Each of the big cloud platforms has its own methodology for passing on security information to logging and security platforms, leaving it to the vendors to find proprietary ways to translate that into a format that works for their tool. The Cloud Security Notification Framework (CSNF), a new working group that includes Microsoft, Google and IBM is trying to create a new open and standard way of delivering this information.

Nick Lippis, who is co-founder and co-chairman of ONUG, an open enterprise cloud community, which is the primary driver of CSNF, says that what they’ve created is part standard and part open source. “What we’ve been really focusing on is how do we automate governance on the cloud. And so security was the place that was ripe for that where we can actually provide some value right away for the community,” he said.

While they’ve pulled in some of the big cloud vendors, they’ve also got large companies who consume cloud services like FedEx, Pfizer and Goldman Sachs. Conspicuously missing from the group is AWS, the biggest player in the cloud infrastructure market by far. But Lippis says that he hopes, as the project matures, other companies including AWS will join.

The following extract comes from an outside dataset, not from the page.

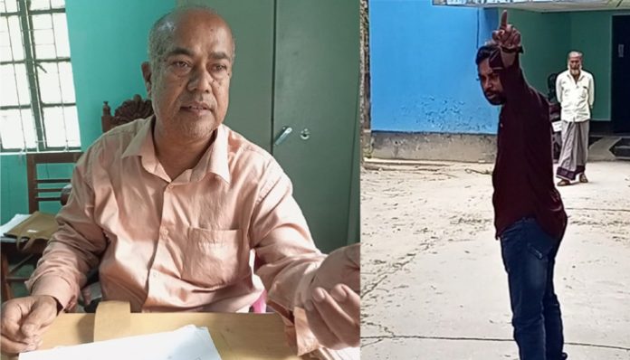 ছবি: ভূমি অফিসার নিকুঞ্জ কুমার বিশ্বাস ও পিয়ন তোতার মিয়া।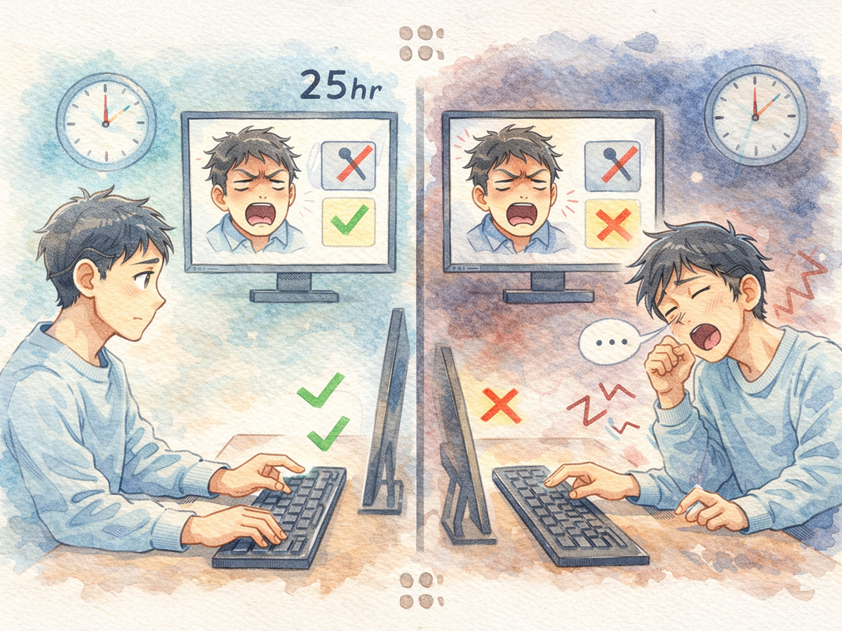 - 睡眠不足で怒った顔の押し忘れ・押し間違い・反応時間のばらつきが増え、補償が不十分になりやすいです。

“There’s lots of security programs and industry programs that get out there and that people are asking them to join, and so some companies want to wait to see how well this pans out [before making a commitment to it],” Lippis said. His hope is, that over time, Amazon will come around and join the group, but in the meantime they are working to get to the point where everyone in the community will feel good about what they’re doing.

The idea is to start with security alerts and find a way to build a common format to give companies the same kind of system they have in the data center to track security alerts in the cloud. The way they hope to do that is with this open dialogue between the cloud vendors and the companies involved with the group.

“So the structure of that is that there’s a steering committee that is chaired by CISOs from these large cloud consumer brands, and also the cloud providers, and they provide voting and direction. And then there’s the working group where all the work is done. The beauty of what we do is that we have now consumers and also providers working together and collaborating,” he said.

Don Duet, a member of ONUG, who is CEO and co-founder of Concourse Labs, has been involved in the formation of the CSNF. He says to keep the project focused they are looking at this as a data management problem and they are establishing a common vocabulary for everyone to work within the group.

“How do you build a consensus on what are the types of terms that everybody can agree on and then you build the underlying basis so that the experts in your resource providers in this case, Cloud Service Providers, can bless how their data [connects] to those common standards,” Duet explained.

He says that particular problem is more of an organizational problem than a technical one, getting the various stakeholders together and just building consensus around this. At this point, they have that process in place and the next step is proving it by having the various companies involved in this test it out in the coming months.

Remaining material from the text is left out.